New Motorola Campaigns Go Beyond the Banner

Motorola has boosted its beyond-banner media spending with new experience-driven placements on Maxim.com, VH1.com And UGO.com. It’s also sponsoring a new function on Wirefly.com that lets people create their own avatar-based wireless ring tones and share them with friends. The Q4 deployments target a young, mostly male demographic.

Carat Fusion, Motorola’s North American media agency of record, handled the bulk of the planning efforts. The Wirefly.com sponsorship was set up directly between Motorola and inPhonic, which owns the cell phone e-tailer and other sites.

Dennis Digital’s Maxim.com is the host of a Motorola Pad section that lets visitors click around a purportedly bachelor-perfect living room to learn about its Bluetooth and other wireless products. Among the gadgets scattered about a virtual couch, easy chair and floor are its Bluetooth headset, Q phone and portable Bluetooth speaker. A laptop, TV and stack of mail provide less direct means of interaction with Motorola stuff.

Banner and other placements on Maxim and other Dennis Digital sites, including Blender.com and Stuffmagazine.com, point to the microsite; and an additional “Pimp Your Pad” sweepstakes attached to the site will give away a number of Motorola gadgets and Maxim schwag.

“What we’re trying to do is create a conversation between Motorola and the high-end early adopter audience,” said Sean Corcoran, account supervisor for Motorola in Carat Fusion’s Boston office. “The point of this campaign is for the Q and what we call the ‘mobile me’ products — the Bluetooth products — to position them more as everyday tools.”

Corcoran said the effort was not explicitly a holiday campaign, though the idea is that young men might ask for the featured gadgets as gifts.

The Motorola Pad is indicative of a growing trend in which publishers act as agencies at the behest of advertisers’ media planning divisions, developing custom solutions suited to a particular Web site’s audience and content. However, the arguably bland ad copy in the present case (“Anyone with a cool pad will need to complement their style with some cool duds.”) offers a possible caveat against what can happen when site owners and media agencies partner on specialized experiences without the involvement of a creative shop.

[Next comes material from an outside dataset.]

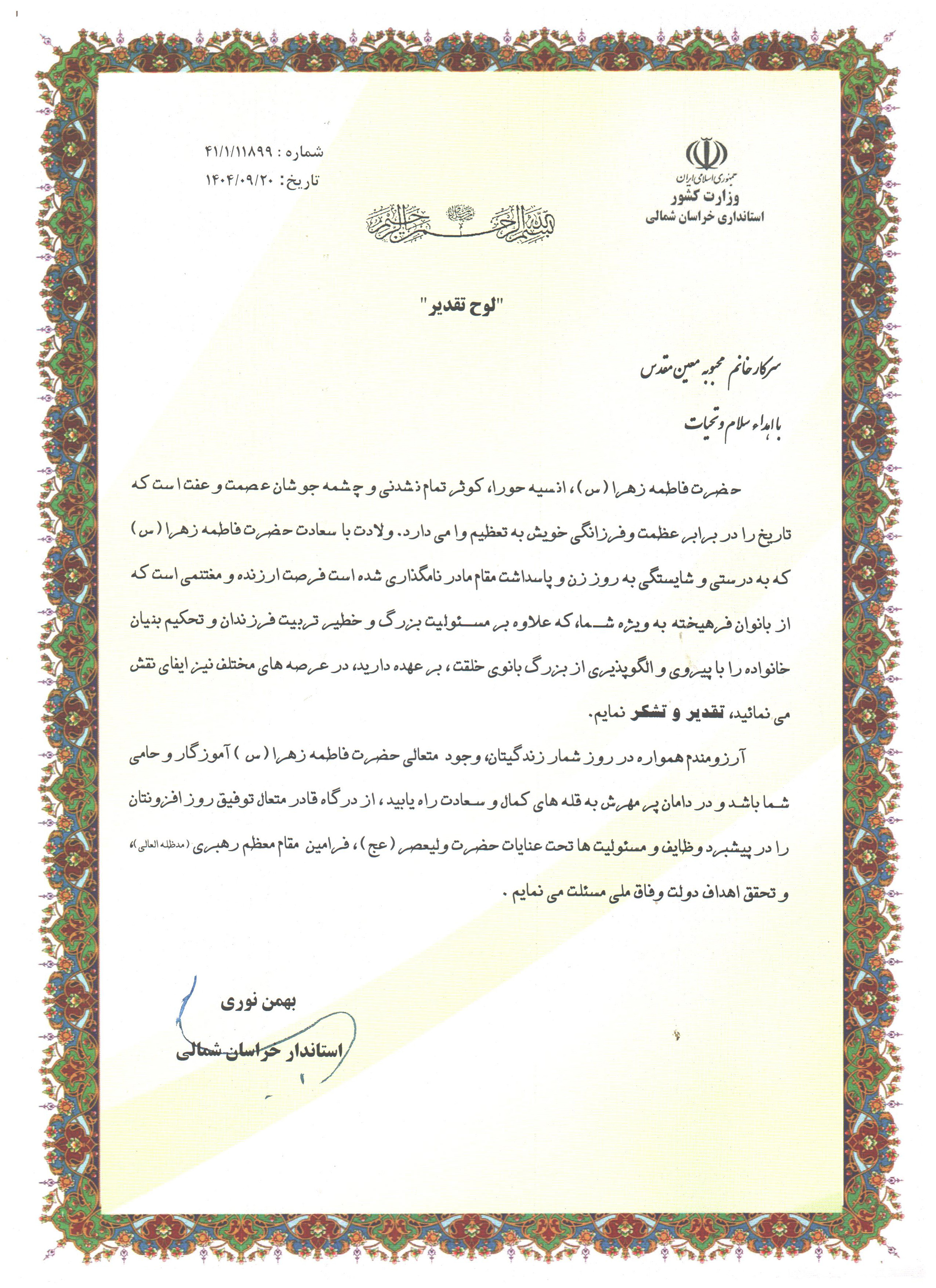 به گزارش روابط عمومی دانشگاه کوثر، مهندس بهمن نوری استاندار خراسان شمالی، از دکتر محبوبه معین مقدس رئیس دانشگاه کوثر به پاس ایفای نقش در عرصههای مختلف با اهدای لوح تقدیر، تجلیل کرد.

Dennis Digital and Carat Fusion both said such branded experiences are typically billed like ordinary media buys, though a premium fee is often charged when video or other pricey production is involved.

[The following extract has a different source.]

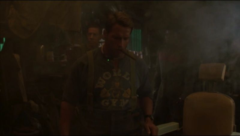(TriStar Pictures, 1987) This sweatshirt was acquired by the production for use by Arnold Schwarzenegger as "Ben Richards". The sweatshirt features the World Gym, Venice, California graphics on both the front and back and has been distressed for filming.

“There are two ways to look at it,” said Steven Rosenblatt, VP of sales at Dennis Digital. “In some cases the advertiser will say, ‘Here’s the production budget; keep the media separate.'” But more often, he said, “they don’t have the production budget. Often what we’ll do is charge a bit of a premium on the media and that helps cover the production costs.”

The Motorola-sponsored mobile avatars on Wirefly.com were created through a partnership between avatar specialist Oddcast and WireFly.com parent inPhonic, which sells mobile phones and plans online.

Web users can visit a page at Wirefly.com/udoo to create and give voice to personalized avatars. These can be sent via MMS (define) to friends, who can choose to attach the files to that person’s phone number and display the avatar every time he or she calls. The talking avatars can also be uploaded to MySpace and shared via e-mail. The feature is free for 60 days, after which it costs $4.99 per month for avatar creators.

The effort is part of an push by inPhonic to build brand awareness for Wirefly.com, which has so far limited its on- and off-site marketing efforts to direct sales.